### Problem requirements:
The output should hold exactly, and only, the lines from the line bearing "お客様の声 NO.120378 神奈川県横浜市鶴見区 H様" through the last line of the listing below, and no pictures.

### Supplied material:
══════════════════════════════

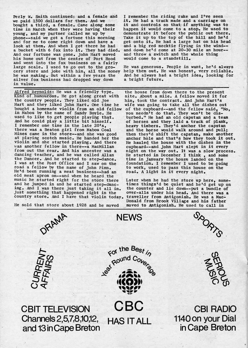 Published by Ronald Caplan on 1976/12/1 (401 reads)Perly W. Smith continued: and a female and we paid 1500 dollars for them. And we bought a third, a female. Came along some time in March when they were having their young, and my partner called me up by phone • said we got a fortune this morning and for me to come right down and have a look at them. And when I got there he had a bucket with 6 fox into it. They had died. And our fortune was gone. John Hart moved his home out from the centre of Port Hood and went into the fox business on a fairly large scale. I used to go out to the gro? cery store and joke with him, all the money he was making. But within a few years the silver fox business had dropped way down in value. I remember the riding rake and I've seen it. He had a track made and a carriage on it and controls so that if anything was to happen it would come to a stop. He used to demonstrate it before the public out there. Take it up to the top of the hill and he'd get onto ito He had a large hat on his head and a big red necktie flying in the wind • and down he'd come at 20-30 mile an hour • and throw a switch and the whole thing would come to a standstill. He was generous. People in want, he'd always help them out. He was honest, very reliable. And he always had a bright idea, looking for a bright future. Alfred Reynolds: He was a friendly typCo Kind of humourous. He got along great with the country people. They liked old Joe Hart and they liked John Hart* One time he bought a homemade violin from an old fellow in Mabou by the name of Sandy Boyle. He used to like to get people playing that*. And he could play a little bit himself. I remember one time in the late 20's, there was a Beaton girl from Mabou Coal Mines came in the store • and she was good at playing scotch music. He handed her the violin and she started playing. And there was another fellow in there • a MacMillan from out the rear. And his ancester was a dancing teacher, and he was called Allan the Dancer. And he started to step-dance. I was at the Post Office and I saw on the road a fellow by the name of John Finn. He'd been running a meat business • had an old meat apron on • and when he heard the music he started right for the store there and he jumped in and he started step-danc? ing. And I was there just taking it all in. Just something that happened right in the country store. And I have that violin today. He sold that store about 1928 and he moved the house from down there to the present site. About a mile. A fellow moved it for him, took the contract. And John Hart's wife was going to take all the dishes out of the cupboard • and the fellow said, "No, you needn't do that. They won't be dis? turbed." He had an old capstan and a team of horses and they laid a track of plank, heavy timbers. They'd anchor the capstan and the horse would walk around and pull; then they'd shift the capstan, make another anchor hole and that's how they took it out. He hauled the house with the dishes in the cupboard • and John Hart slept in it every night on the way out. It was a slow process. He started in December I think , and iso'me time in January the house landed on the foundation. I remember I used to be going to work, used to pass this house on the road. A light in it every night. Later when he had the store up here, some? times things'd be quiet and he'd get up on the counter and lie down • put a bundle of over-alls under his head. And there was a traveller from Antigonish. He was a Mac? Donald from Brook Village and his father moved to Antigonish. He used to call in .<''' .# NEWS '> VCi Q % ' V?? CBITTELEVISION Channels 2,5,7,8,10,12, and 13 in Cape Breton CBC HAS IT ALL CBI RADIO 1140on your Dial in Cape Breton
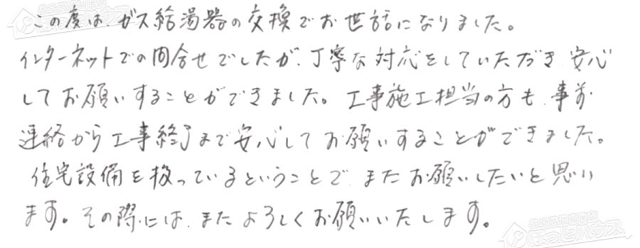 お客様の声 NO.120378 神奈川県横浜市鶴見区 H様
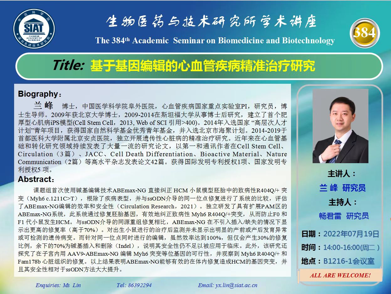 医药所第384期学术讲座将于2022年7月19日 星期二 14:00-16:00 在先进院 B1216-1会议室 举行。本次讲座邀请了来自中国医学科学院阜外医院,心血管疾病国家重点实验室,兰 峰 研究员带来“基于基因编辑的心血管疾病精准治疗研究”的报告。届时,畅君雷 研究员 将主持讲座。
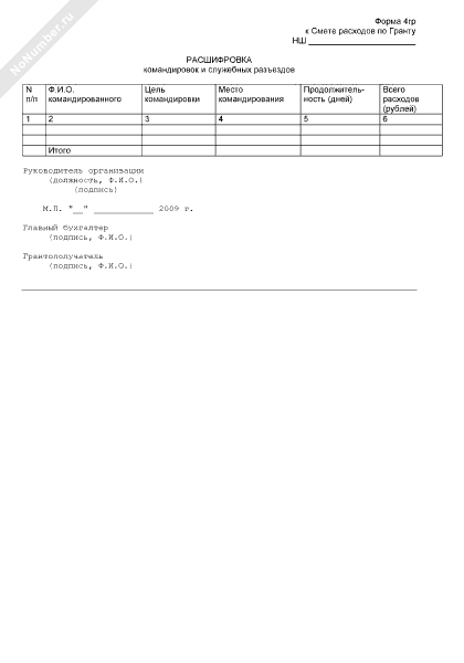 Расшифровка командировок и служебных разъездов (приложение к смете расходов на выполнение научно-исследовательской работы в рамках государственной поддержки ведущих научных школ Российской Федерации)

══════════════════════════════

### Task result:
 お客様の声 NO.120378 神奈川県横浜市鶴見区 H様
 医药所第384期学术讲座将于2022年7月19日 星期二 14:00-16:00 在先进院 B1216-1会议室 举行。本次讲座邀请了来自中国医学科学院阜外医院,心血管疾病国家重点实验室,兰 峰 研究员带来“基于基因编辑的心血管疾病精准治疗研究”的报告。届时,畅君雷 研究员 将主持讲座。
 Расшифровка командировок и служебных разъездов (приложение к смете расходов на выполнение научно-исследовательской работы в рамках государственной поддержки ведущих научных школ Российской Федерации)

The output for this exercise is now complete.